The party starts, as Stimpy sprays soup on the guests and Ren says his prayers. The guests gobble up the food, contrary to the party's formal nature. Ren flatters a baboon by insulting its buttocks, calming its aggression. The main course is served, honey glazed sheep liver with dusty wig stuffings. The guests enjoy the sheep liver, including Haggis who adds chutney for flavor. They show disregard to formal manners as they eat with loud noises and burp after eating, which Ren appreciates, except for Powdered Toast Man who has a sense of dignity. He refuses to burp, causing his head to fall into the baboon's plate, dying from his head being eaten.

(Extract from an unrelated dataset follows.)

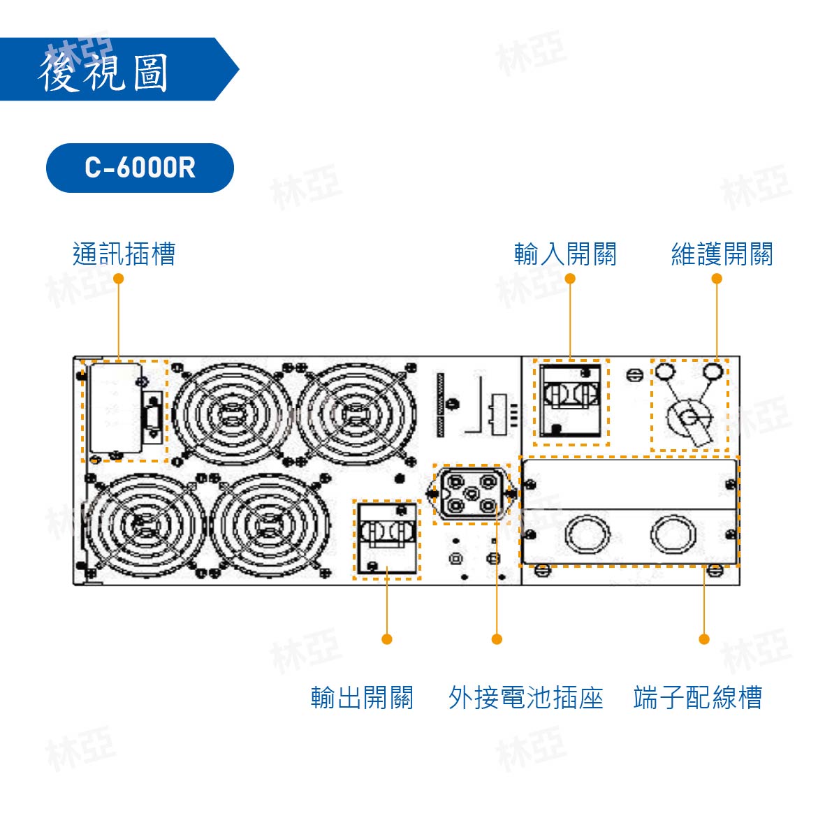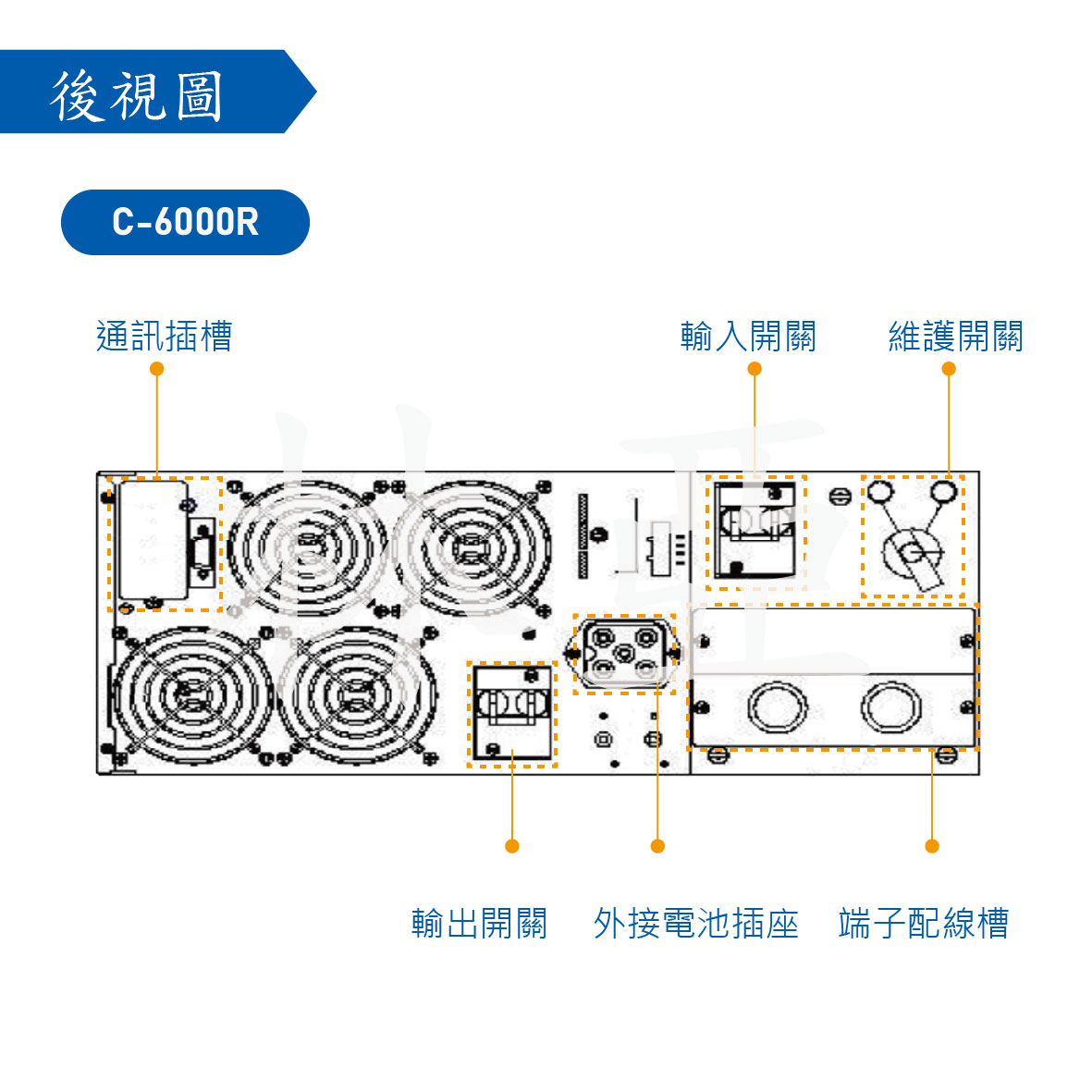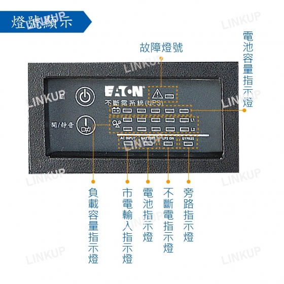 電力輸入正常(綠色),變流器正常(綠色),負載跳由旁路供電(橙色),異常(紅色),負載指示(5個LED顯示器),電池放電指示(橙色),放電電池容量指示(5個LED顯示器) |

Stimpy rinses the dishes with a hose, washing away the guests.

After dinner, the gentlemen engage in parlor games and smoke cigars while the ladies have their feet polished by Stimpy. The guests reluctantly leave by the duo's force when the mansion's real owners, Mr. and Mrs. Pipe return; Ren and Stimpy had stolen their mansion while they were on vacation. The duo are spared by simply paying Mr. Pipe and having a good laugh with him while Mrs. Pipe drives them away, ending the episode.

==Cast==
- Billy West as Ren, Stimpy, Powdered Toast Man, Sammy Mantis, and That Guy (Salesman)
- Alan Young as Haggis MacHaggis

==Production==
The episode was storyboarded by Rob Koo and Armen Melkonian, who only worked on this episode at Games Animation and would be more well known for their work at DreamWorks Animation. There is no director credit, with the episode literally sent to Rough Draft Korea after preliminary storyboarding for animation. This episode is the last appearance of various characters including Haggis MacHaggis, voiced by Alan Young for the last time before his death and Powdered Toast Man, voiced by Billy West as Gary Owens was unavailable.

==Reception==
American journalist Thad Komorowski gave the episode two out of five stars, noting it to be as "literally undirected" as its lack of director credit.

==Books and articles==
- Dobbs, G. Michael (2015). "Escape – How Animation Broke into the Mainstream in the 1990s"
- Komorowski, Thad (2017). "Sick Little Monkeys: The Unauthorized Ren & Stimpy Story"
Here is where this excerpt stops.